## INPUT DATA
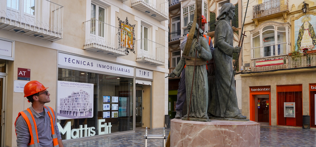 El pequeño procesionista de la obra ubicada en la obra de Manuel Ardil Pagán de la plaza de San Sebastián ha sido instalada hoy tras estar ausente unos días para ser subsanados en un taller los pequeños daños que presentaba.
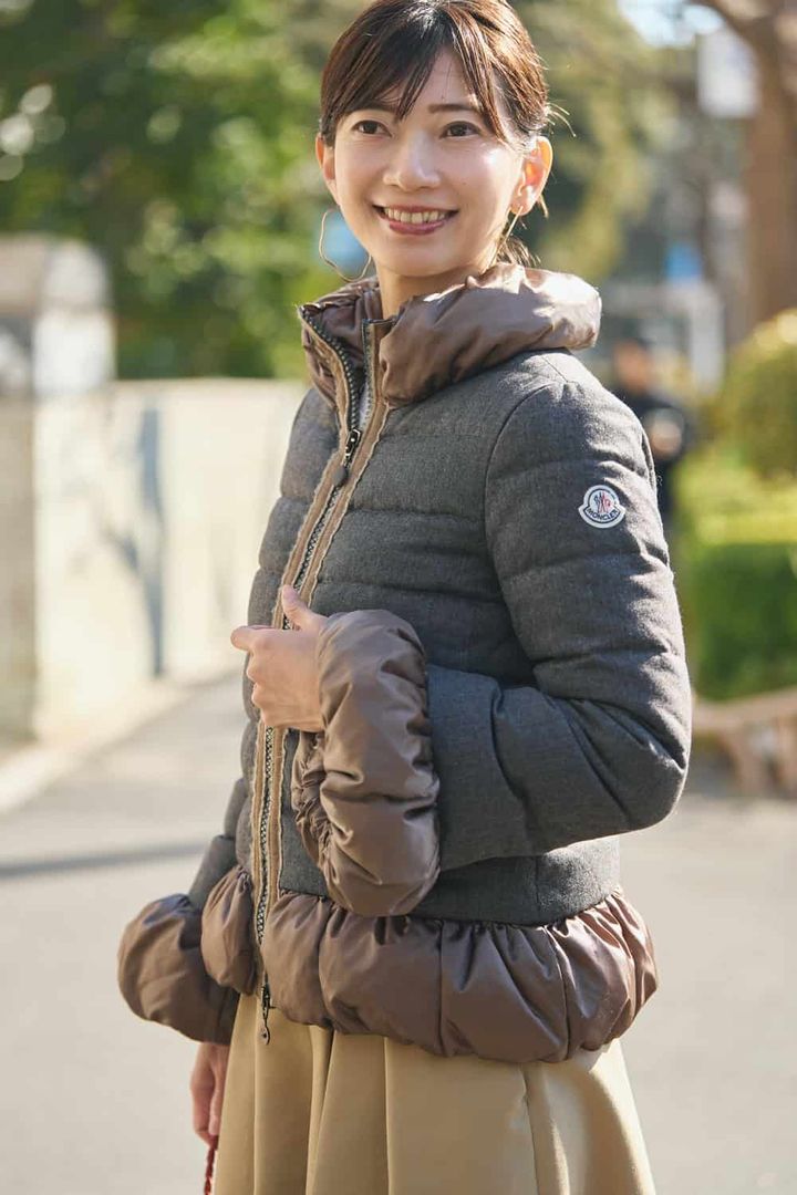 「グレー×ブラウンの配色が斬新で一目惚れしました。全体的にコンパクトながら、裾と襟の構築的なデザインが派手になり過ぎず程よい存在感を演出してくれます。アウターで色を取り入れることで冬のマンネリから脱却。ダブルジップ使用なので開け方次第で表情を変えられてコーデのバランスが決まりやすい。コンパクトなダウンと相性のよいワイドパンツに赤バッグを合わせ、メリハリを付けました」
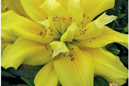 Фата Моргана- высота растения 95 см, цветок желтый с темно-красным крапом на 1/3 длины каждого лепестка, диаметр 16,5 см.

## THE TASK
Set down all of the data word for word; no pictures belong in it.

## ANSWER
 El pequeño procesionista de la obra ubicada en la obra de Manuel Ardil Pagán de la plaza de San Sebastián ha sido instalada hoy tras estar ausente unos días para ser subsanados en un taller los pequeños daños que presentaba.
 「グレー×ブラウンの配色が斬新で一目惚れしました。全体的にコンパクトながら、裾と襟の構築的なデザインが派手になり過ぎず程よい存在感を演出してくれます。アウターで色を取り入れることで冬のマンネリから脱却。ダブルジップ使用なので開け方次第で表情を変えられてコーデのバランスが決まりやすい。コンパクトなダウンと相性のよいワイドパンツに赤バッグを合わせ、メリハリを付けました」
 Фата Моргана- высота растения 95 см, цветок желтый с темно-красным крапом на 1/3 длины каждого лепестка, диаметр 16,5 см.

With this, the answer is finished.